In Italia la situazione è molto diversa, e si è ancora ben lontani dal raggiungere il medesimo obiettivo: libertà di assunzione e detenzione opportunamente regolamentata entro i termini previsti dalla Legge. Se di fatto dal 2016 è consentito l’utilizzo di cannabis a scopo terapeutico e unicamente sotto prescrizione medica, la sentenza emessa dalla Corte di Cassazione il 30 maggio 2019 ha contribuito a frenarne la diffusione imponendo severi limiti circa la concentrazione dei principi attivi e relativa efficacia drogante.
A peggiorare ulteriormente la situazione, la proposta a dir poco deleteria promossa dal segretario della Lega Nord Matteo Salvini che, a ridosso della medesima, ha espresso un out nei confronti dei grow shop distribuiti sul territorio nazionale imponendone la chiusura quantomeno momentanea e promuovendo una politica assolutamente distruttiva nei confronti di un mercato in crescente ascesa destinato a migliorare in maniera significativa l’intera economia del Paese.
Oggi la situazione sembra volgere finalmente al cambiamento: in Parlamento si sta discutendo una proposta di legge sottoscritta da 218 deputati, trasversale e che coinvolge tutti gli schieramenti politici grazie alla quale sarebbe possibile mettere in atto un cambiamento finalmente significativo e ragionevolmente evolutivo.

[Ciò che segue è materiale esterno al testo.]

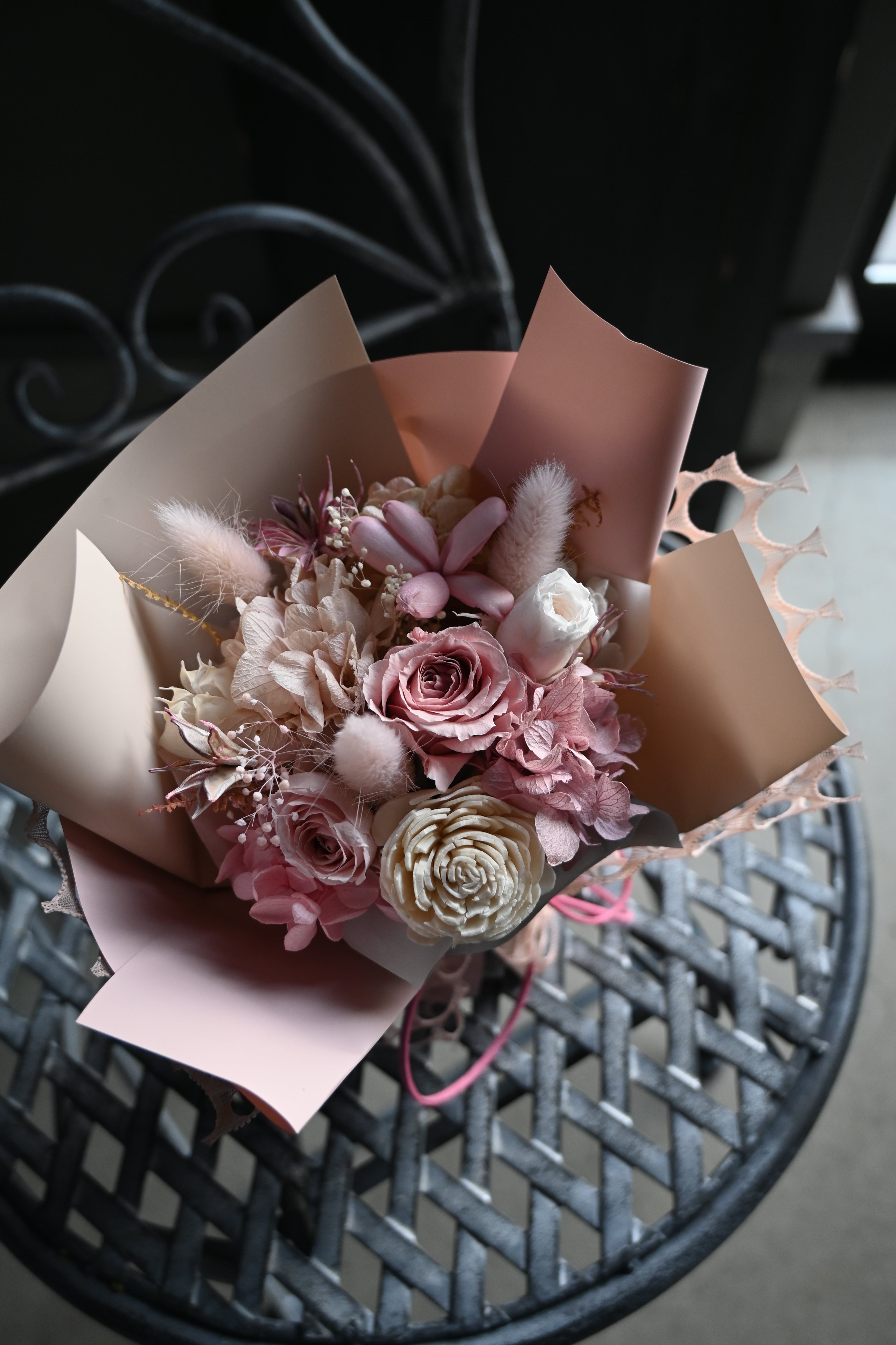プリザーブドフラワー【standing bouquet pink】は、心からの送別シーンを華やかに彩るスタンディングブーケです柔らかなピンク色の花々が、贈る方の想いを届けるお手伝いをします。大切な方の新たな門出に、ぴったりのアイテムです。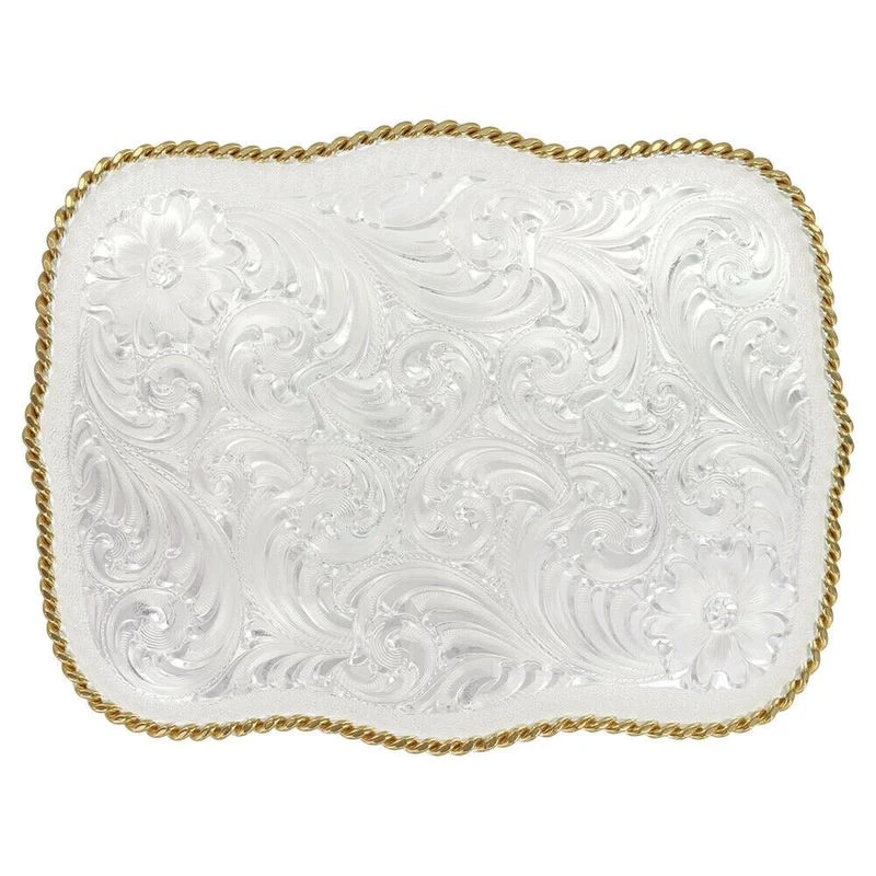 Both understated and strikingly beautiful, there is a reason our authentic fully engraved western style silver belt buckles remain best sellers throughout the years. This large scallop shape belt buckle features bright cut filigree swirls flowing out from two flower accents in opposite corners, all neatly framed with silver stippling. Brightly polished gold twisted rope trim. Standard 1.5 inch belt swivel. Can also be custom ordered with a gold figure.

Secondo quanto previsto, i soli maggiorenni potranno detenere una modica quantità di cannabis per uso ricreativo in quantità di 15 grammi se entro le mura domestiche, ridotta a 5 grammi se fuori casa. La marijuana potrà dunque essere coltivata a casa in un massimo di 5 piante ma il raccolto non potrà essere in alcun modo venduto.
Potrebbero arrivare in Italia anche i Cannabis Social Club attraverso i quali i cittadini residenti in Italia superata la maggiore età, potranno coltivare in forma associata mediante enti senza fini di lucro radunandosi in veri e propri gruppi con un massimo di 50 membri. Regole precise anche per quanto concerne la commercializzazione di cannabis: previa autorizzazione sarà possibile coltivarla e commercializzarla mediante vendita al dettaglio presso negozi dedicati, autorizzati e muniti di licenza dei Monopoli di Stato.
Resterebbero invece vietate sia l’importazione che l’esportazione. Il disegno di legge consentirebbe altresì anche l’auto-coltivazione a scopo terapeutico, semplificando tuttavia anche le modalità di prescrizione legate ai farmaci a base di cannabidoidi. L’eventuale abrogazione della legge sarà discussa entro l’autunno 2019, sperando in un esito positivo che comporterebbe una sensibile riduzione della microcriminalità e la crescita di un mercato attualmente fiorente e destinato a migliorare sensibilmente anche l’intera economia nazionale.
Legalizzazione e canapa legale: quando si può parlare di canapa che rispetta i limiti di Legge
Con il termine cannabis light o marijuana legale si intende una tipologia di canapa sativa che presenta concentrazioni di principio attivo inferiori allo 0,6%. Secondo quanto sancito dalla Legge 242 abrogata nel dicembre 2016, la produzione e commercializzazione della stessa sono consentite purché la materia vegetale presenti un contenuto di THC che non superi la soglia dello 0,2%, condizione ampiamente ribadita anche dalla sentenza emessa dalla Corte di Cassazione a maggio 2019, che tuttavia non pone particolari condizioni rivolte invece alla percentuale di CBD o cannabidiolo.
La coltivazione di marijuana legale non da adito ad alcun dubbio: è legale e non necessita di alcuna autorizzazione. Qualora tuttavia la percentuale di THC superi tuttavia tale soglia rientrando nel limite di tolleranza attestato allo 0,6%, il produttore di cannabis depotenziata viene sollevato da qualsivoglia responsabilità. In caso contrario la stessa legge impone la distruzione o il sequestro della coltivazione da parte delle autorità giudiziarie.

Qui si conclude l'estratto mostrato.